The use of attention and repetition may have allowed me to finally dissolve the neural pathways that had caused me to never want to stop eating once I started. 

One night I was worried that, once my roommate went to bed and I was alone, I’d lose control of my eating compulsion, again. So I used her attention and began planning aloud my evening snack. When I asked myself what I most wanted, I realized that I wanted to make graham-cracker and confectioner’s-sugar-frosting “sandwiches” and eat them until I could eat no more without throwing up.1 “Oh no,” I thought. “Why would I want to do that?” Then the thought came, “Your mother made them for you and Bruce (my brother).” 

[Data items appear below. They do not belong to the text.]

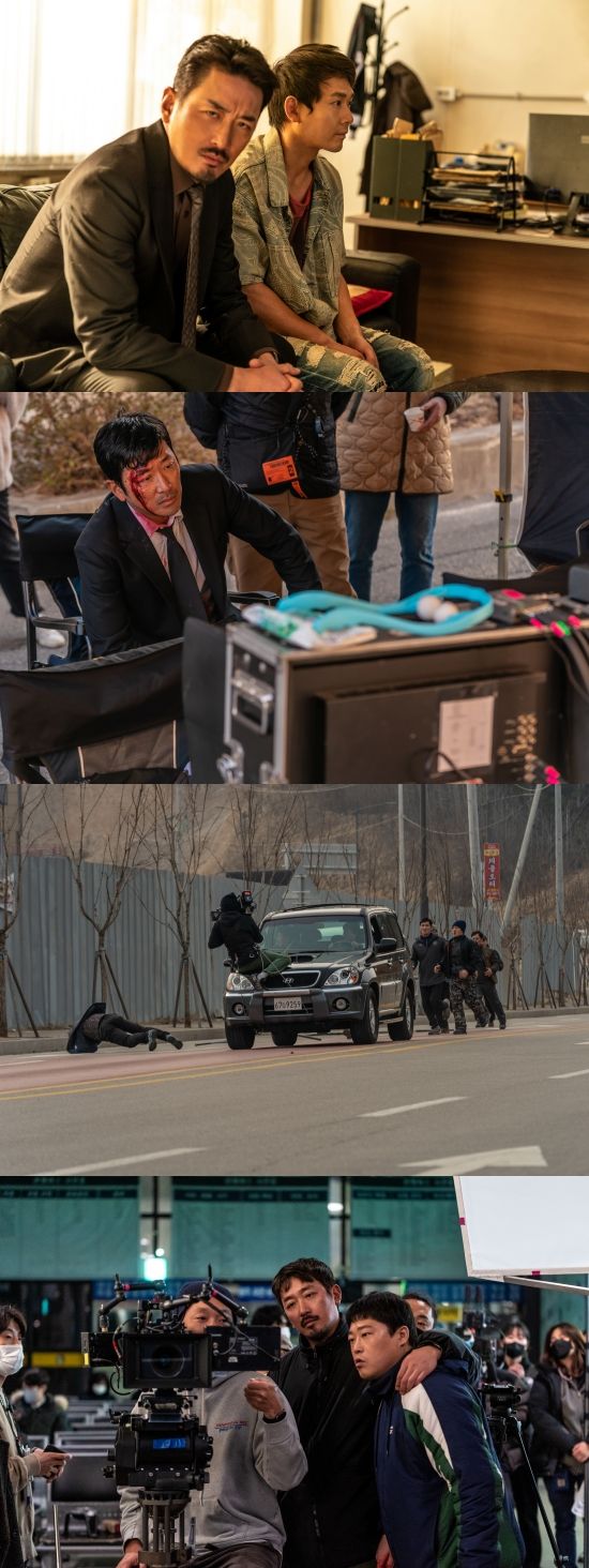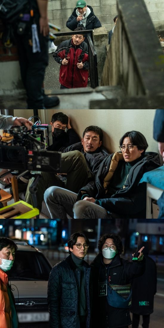 공개된 비하인드 스틸은 밀도 있는 추적극을 만들기 위해 치열하게 고민하고 노력했던 촬영 현장의 열기를 그대로 전달한다. 하정우와 김남길은 ‘민태’와 ‘호령’이 처음 충돌하는 장면을 모니터링하고 있다. 이들의 진지한 모습은 작품의 긴장감을 최고조로 끌어올린 두 사람의 완벽한 대립 케미스트리가 어떻게 나올 수 있었는지 가늠케 한다.
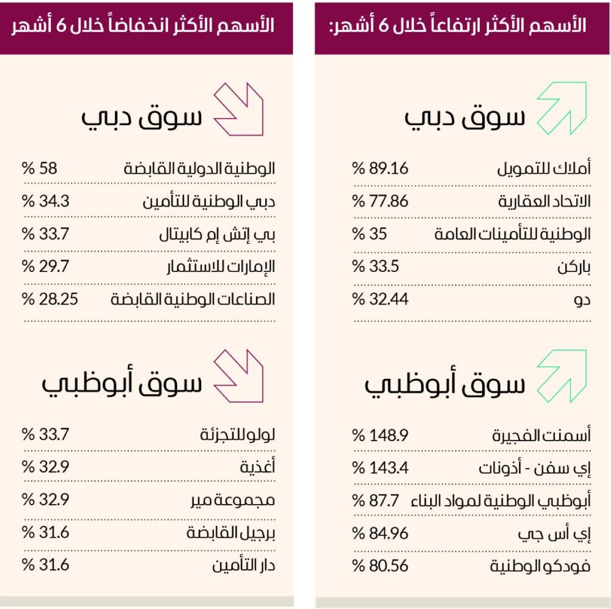 وتصدر سهم «أملاك للتمويل» ارتفاعات سوق دبي بنمو 89.16%، فيما صعدت أسهم الاتحاد العقارية 77.86%، والوطنية للتأمينات العامة 35%، وباركن 33.5%، ودو 32.44%، والإمارات الإسلامي 31.04%، ودبي الإسلامي 27.9%، وأرامكس 26.8%، والاستشارات المالية الدولية 23.7%، ودبي التجاري 20.06%.
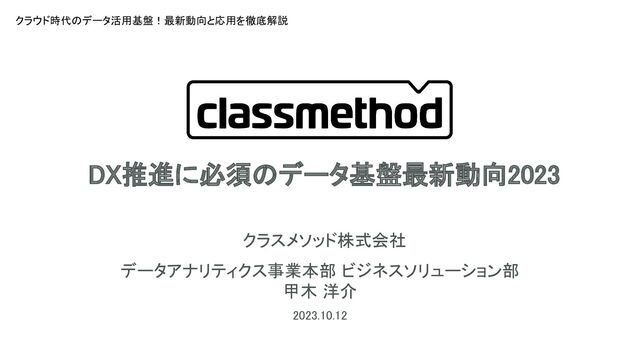 2023.10.12開催ウェビナー 「クラウド時代のデータ活用基盤!最新動向と応用を徹底解説」にて発表
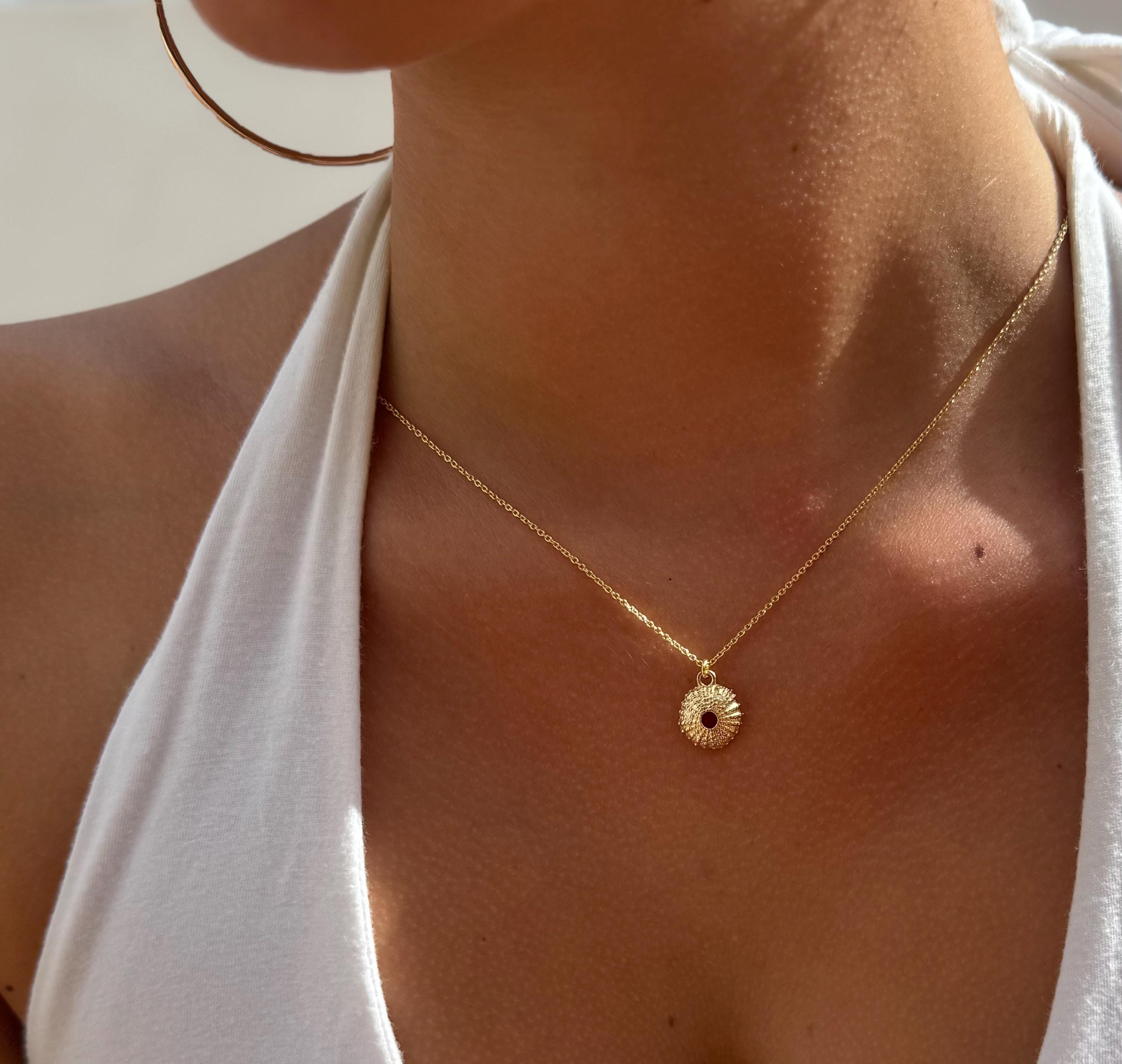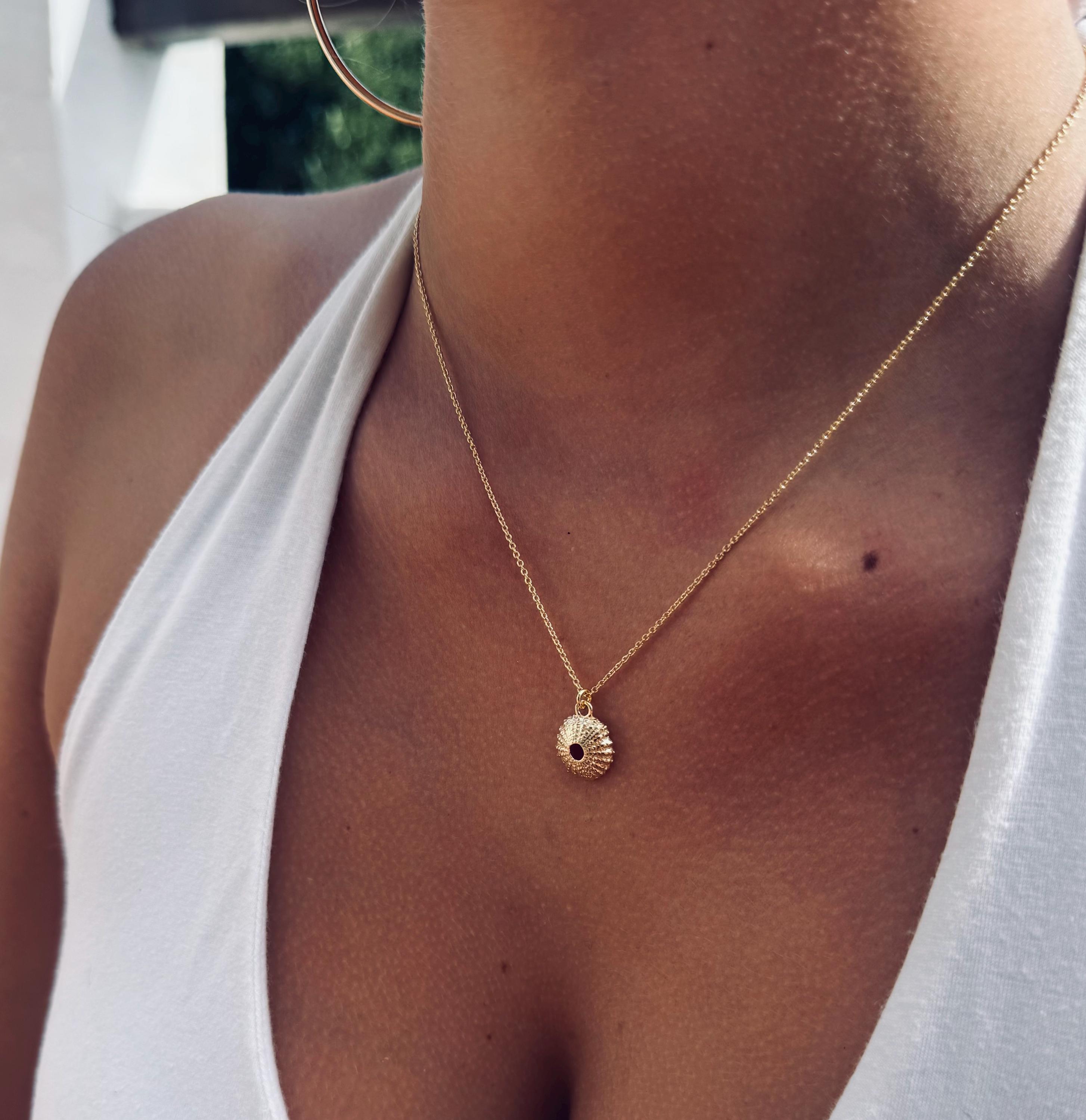 Dainty necklace with a small sea urchin pendant made of high-quality 925 Sterling Silver with 18-carat multi-gold plating. The chain is available in lengths of 40 cm, 45 cm or 50 cm. The piece of jewelry is plated with two layers of gold - a base and a top layer, which increases the durability of the plating.
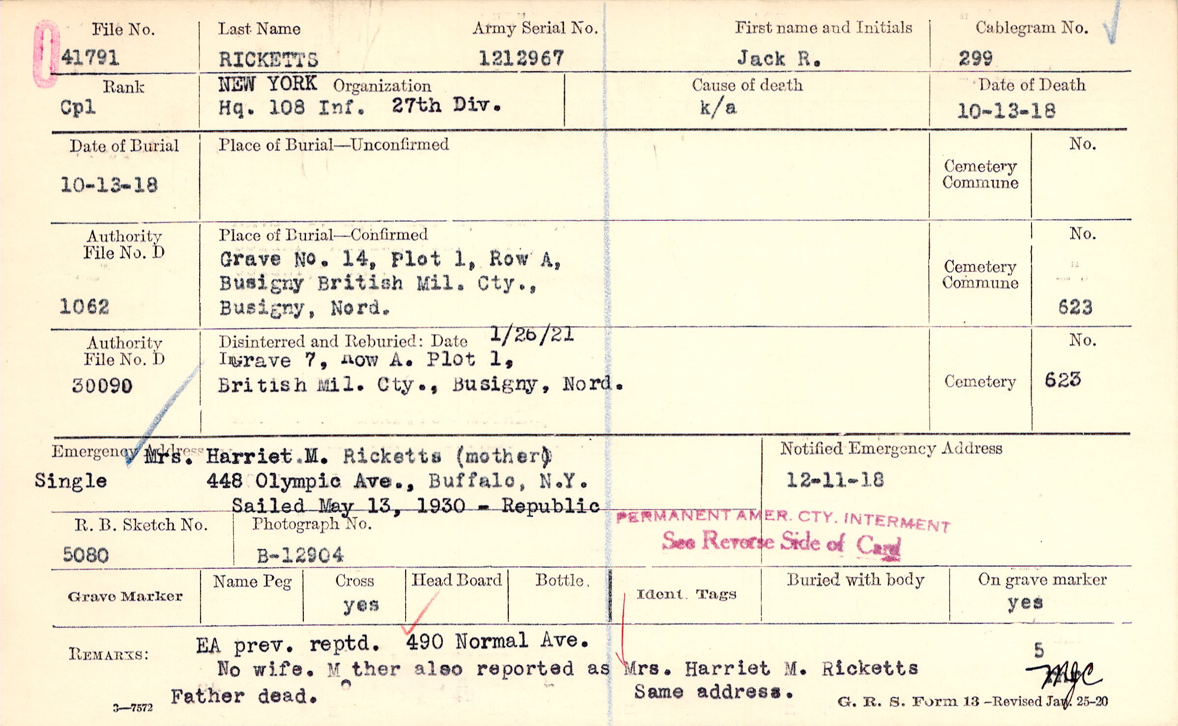 Mrs. Harriet. M. Ricketts (mother), 448 Olympic Ave., Buffalo, N.Y., Single Sailed May 13, 1930 - Republic
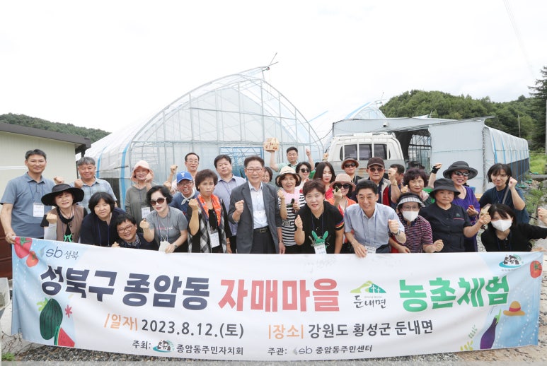 성북구 종암동 주민자치회, 자매마을 횡성군 둔내면에서 농촌 체험 활동 종암동 주민자치회, 둔내 고랭지 토마토 축제 축하사절단으로 방문 및 활동 성북구(구청장 이승로) 종암동 주민자치회(회장 신정희)가 지난 12일 자매마을 횡성군 둔내면에 둔내 고랭지 토마토 축제 축...
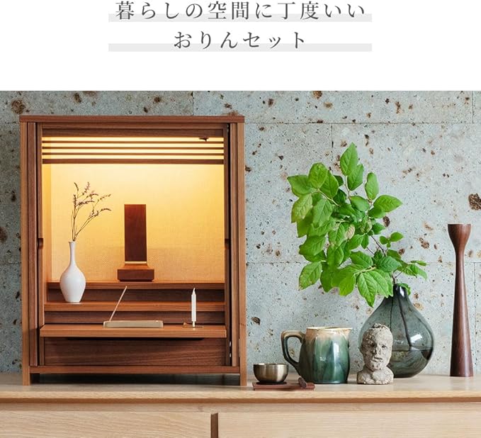 "木"で揃えることができるおりんセット。りん台とバチは、高級家具にも使用されることが多いウォールナットを使用。
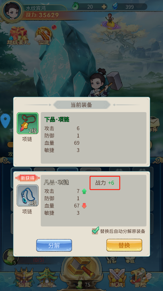 2、获得装备之后可以穿戴上,以此来提高角色的战斗力

“I guess that’s it,” I said aloud. “My mother used to make them for us.” The moment I said that, the perfect statement came to me: “Well, you really do miss them.” I hadn’t been consciously missing anyone. In fact, I’d never missed anyone. I listed people I’d never missed, then I asked my roommate to say, “Well, you really do miss them.” She’d say it, I’d repeat it, and the discharge would begin.

What happened after that session? Later that night I noticed that I didn’t feel any desire for either a graham-cracker-sandwich binge or three bowls of cereal, my usual choice after a challenging day. The next day, when I passed Dunkin’ Donuts, I didn’t think, “I could buy a couple of donuts right now.” When I entered Stop & Shop, I didn’t feel compelled to buy the most expensive Frappuccino.2 And now, nearly four weeks later, my relationship with food seems to have changed. Food was one of my lifetime companions. It was always on my mind. No longer. And I revel in the freed-up space.

Probably like many food addicts, once I began to eat, I would want to eat more and was planning what to eat next even before I finished eating. If I ate at a restaurant, I invariably planned a potential home munching-menu long before the restaurant meal was over. That pattern seems to have vanished. Now, a stressful day or evening doesn’t trigger obsessive thoughts of food.

I had forgotten that patterns could gain multiple triggers. I had discharged the child-abuse trigger, I had discharged the incubator-stress trigger, but I had no idea there was at least a third powerful trigger for my longing to eat.

Pam Maccabee
Glastonbury, Connecticut, USA


1 “Throwing” up means vomiting.
2 A Frappuccino is a sweet, creamy, frozen coffee drink.